渾身のサザエさんあるあるが伝わらなかった

今年の3月末あたりから、人と集まることはもちろん、自宅からも極力出ない方が良いみたいな状況になった。日本のどこに住んでいても。

僕が趣味でやっている大喜利は、様々な形式があるものの、人前でホワイトボードに答えを書いて出す”生”大喜利の形が一番多い。反応がダイレクトに返ってくるのは楽しいし、一番性に合っているなと思う。ネット大喜利やラジオの投稿も魅力的だけど。

大喜利は、答える人やそれを見る人がいて初めて成立する。

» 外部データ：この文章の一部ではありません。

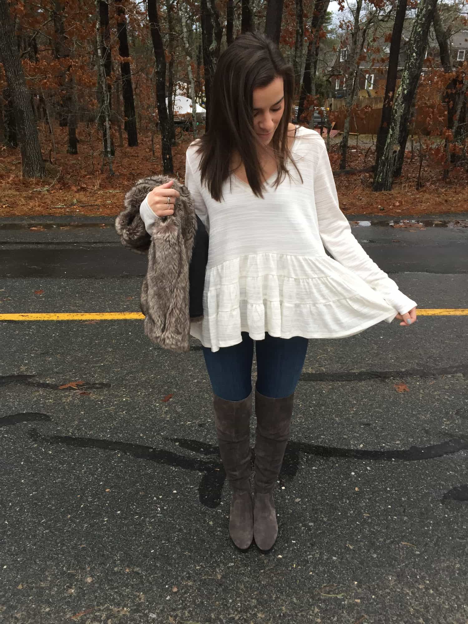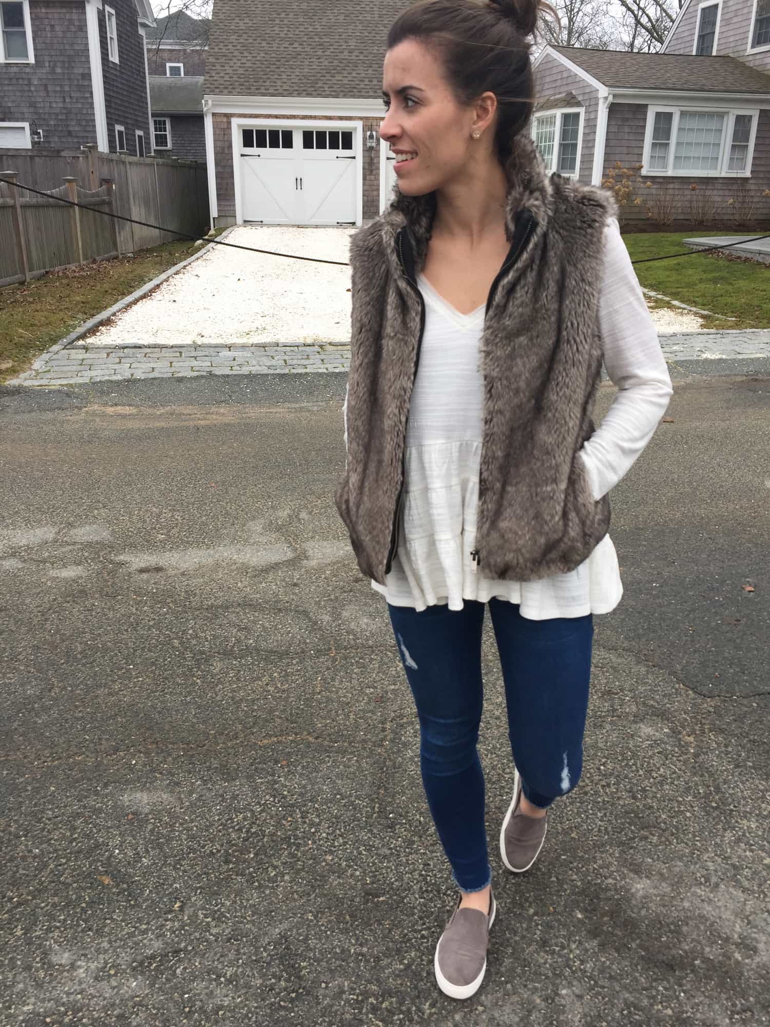 Ruffle Top – Jeans – Fur Vest – Sneaker Flats
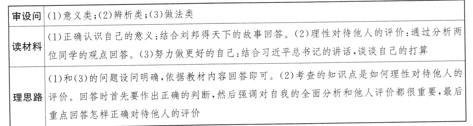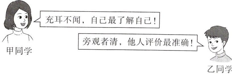 (2)甲、乙两位同学的观点都是片面的,我不赞同。理由:①我们既要重视对自我的全面分析,又要正确对待他人的评价。②他人的评价是我们认识自己的一面镜子,有助于我们形成对自己更为客观、完整、清晰的认识。③正确对待他人的评价是走向成熟的表现。④我们要客观冷静地对待他人的评价,既不盲从也不轻视。

区の会議室やイベント会場などに集まれないので、大喜利が出来ない。でも大喜利はしたい。そんな状態で生み出されたのが、スプレッドシートを使った大喜利である。

一つのExcelを同時に編集できるスプレッドシートを大喜利専用に改造し、Discordというソフトで通話をしながら、お題を出し、それに答える。新しい大喜利の形として界隈に広まった。

スプレッドシート大喜利はオンライン上で行うため、頻繁に大喜利が行われる関東や関西に住んでいなくても参加が可能である。これは非常に大きい利点だ。週に何度か開催されるスプレッドシートを使用した大喜利会に、時間が有り余っているのを良いことに参加しまくっている。

今回は、そのスプレッドシート大喜利に初めて参加した時の話をしようと思う。

僕が初めてスプレッドシートを使ったのはおそらく4月。誰かがシートのテストをしたいと協力者を募集していたので、参加することにした。数十分の短い会だったと記憶している。

使い方の説明が終わり、最初のお題が出される。「アニメ・サザエさんにクレームを入れる人『○○○』」みたいなニュアンスの穴埋めお題だったと思う。

大喜利は、お題に書かれている単語の知識があった方が有利になる場合が多い。「この病院、通いたくない。一体どんなの?」というお題なら病院が一般的にどういう場所なのかという知識がいるし、「この病院、テーマパークみたいだな。一体どんなの?」というお題なら、病院とテーマパークの両方の知識がいる。

今回のお題は、間違いなくサザエさんの知識がいる。設定や作品の特徴、あるあるなど、様々な角度から攻めることが出来る。最初に出したのはこんな回答。

「♪みんなが笑ってる~」「俺は笑ってないぞ!」

ご存じサザエさんのオープニングテーマを使った回答である。そこそこの反応を得た。次に出したのは、作品全体の構造をいじったこんな回答。

3本立てってなんだ!長い1本にしろ!

これもまずまずの反応。「確かにそう」といったガヤが飛ぶ。

この時お題に挑んでいるのは僕一人では無いので、他の参加者もサザエさんの要素を使って答えていくと、いじる場所が段々無くなっていく。残り一答くらいの時間になった際、僕は最後に「この要素はまだ誰も出してないよな」と思いながら、こんな回答を出した。

何回節分の日に鬼の面付けた空き巣に入られたら気が済むんだ!

ウケた。ウケたものの、周りは「そんな話ある!?」といった、サザエさんのそんな回を全く見たことがないといった反応だった。

その瞬間心の中で「えっ、磯野家が節分の日に鬼の面付けた空き巣に入られるのってサザエさんあるあるじゃないの!?さっきの鬼はマスオさんでも波平さんでもないとしたら誰?みたいな展開ってこれまで何回もやってなかったっけ!?嘘でしょ!?」って思った。

実際それで金品を盗まれたり、襲われたりといった被害が出ないだけで、鬼の面を付けた空き巣に入られるシーンは、カツオの夏休みの宿題と肩を並べるほど毎年の恒例行事にはなっていないが、確実にあったはずだ。

ちょっとした会だったので、僕のその回答を覚えている者はもういないだろうが、笑いを取りながら疎外感のようなモヤモヤを感じた瞬間である。